**Exercise brief**
Write out, exactly and only, the lines that run from the top of the records to the line with "Mexen Matias granit". Include both ends; exclude pictures.

Data extracted from a collection

-- -- --

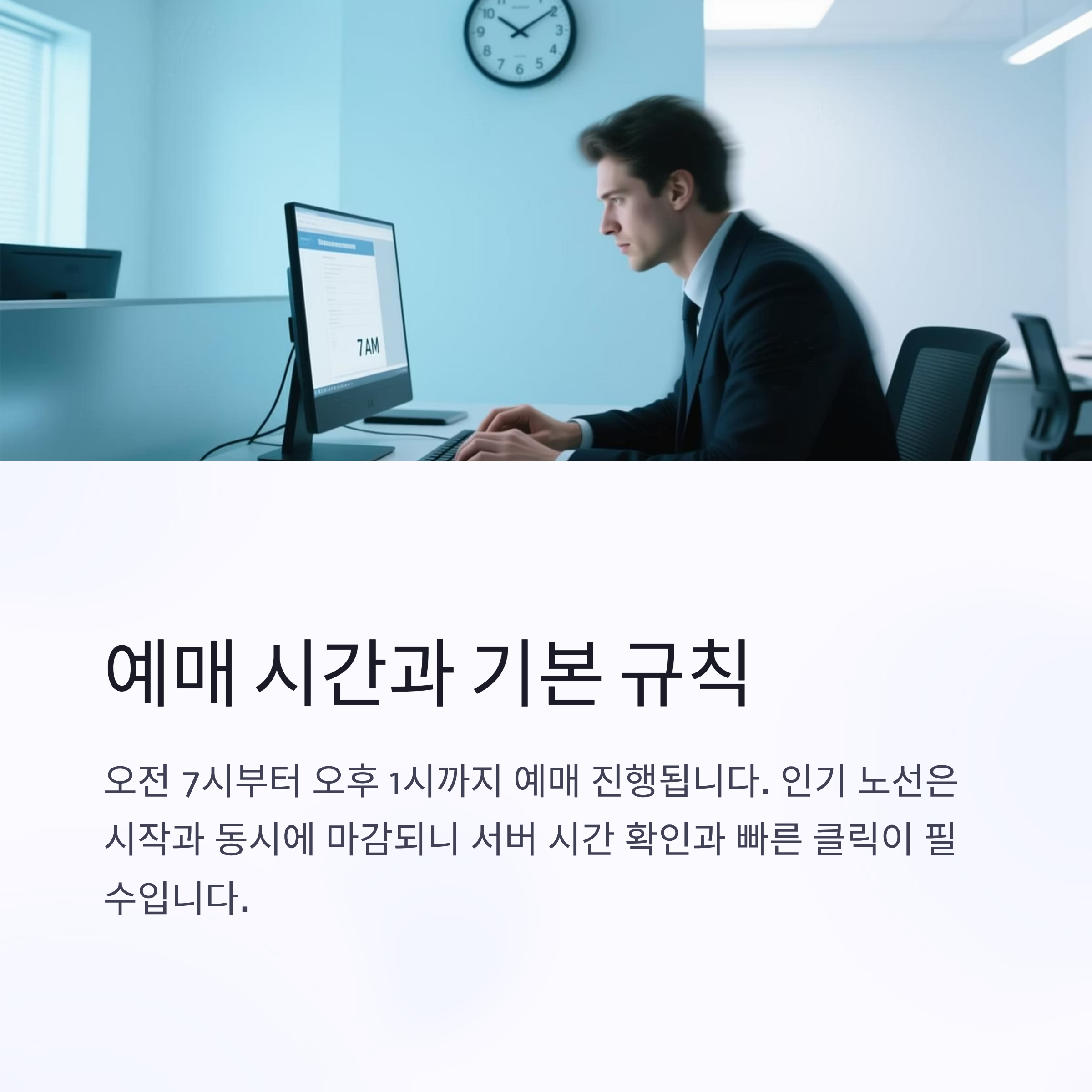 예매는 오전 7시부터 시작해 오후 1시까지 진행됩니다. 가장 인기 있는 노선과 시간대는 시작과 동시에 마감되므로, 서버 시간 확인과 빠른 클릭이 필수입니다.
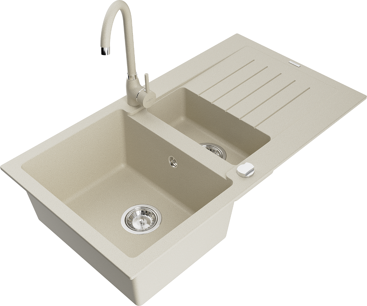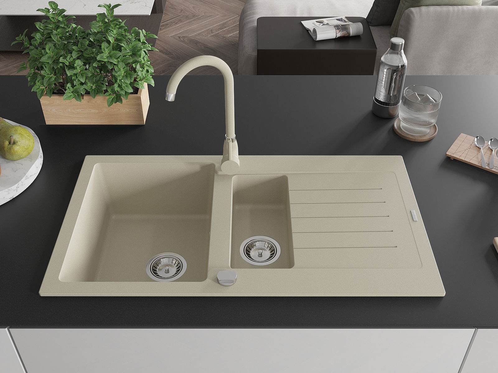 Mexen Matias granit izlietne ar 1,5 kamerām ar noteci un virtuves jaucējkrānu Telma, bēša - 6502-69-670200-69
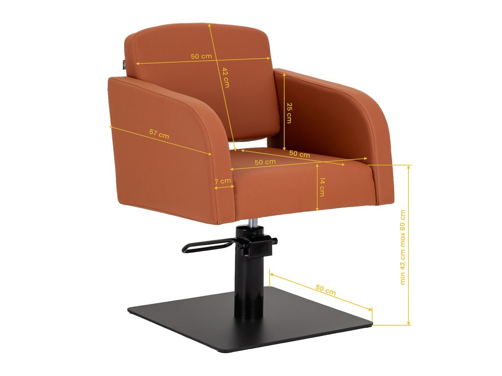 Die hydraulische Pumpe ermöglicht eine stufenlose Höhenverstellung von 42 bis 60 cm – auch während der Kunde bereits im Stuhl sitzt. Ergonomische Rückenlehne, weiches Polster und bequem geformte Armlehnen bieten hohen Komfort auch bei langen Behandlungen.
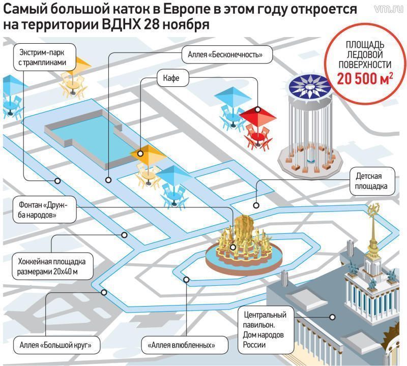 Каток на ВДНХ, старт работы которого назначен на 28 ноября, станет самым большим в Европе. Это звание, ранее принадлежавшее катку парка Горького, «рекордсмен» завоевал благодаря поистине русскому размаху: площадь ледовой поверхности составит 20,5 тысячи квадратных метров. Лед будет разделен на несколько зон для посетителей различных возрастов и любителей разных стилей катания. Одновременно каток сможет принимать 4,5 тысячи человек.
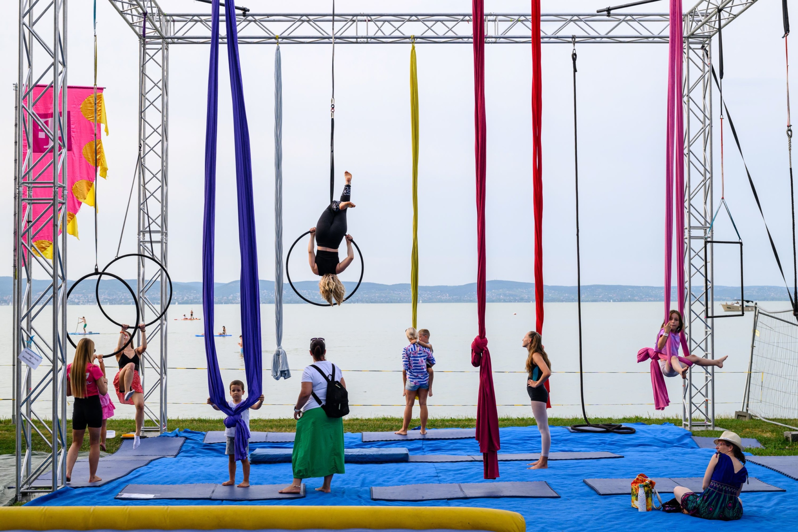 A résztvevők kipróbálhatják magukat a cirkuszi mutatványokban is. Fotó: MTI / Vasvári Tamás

-- -- --

**Task response**
 예매는 오전 7시부터 시작해 오후 1시까지 진행됩니다. 가장 인기 있는 노선과 시간대는 시작과 동시에 마감되므로, 서버 시간 확인과 빠른 클릭이 필수입니다.
 Mexen Matias granit izlietne ar 1,5 kamerām ar noteci un virtuves jaucējkrānu Telma, bēša - 6502-69-670200-69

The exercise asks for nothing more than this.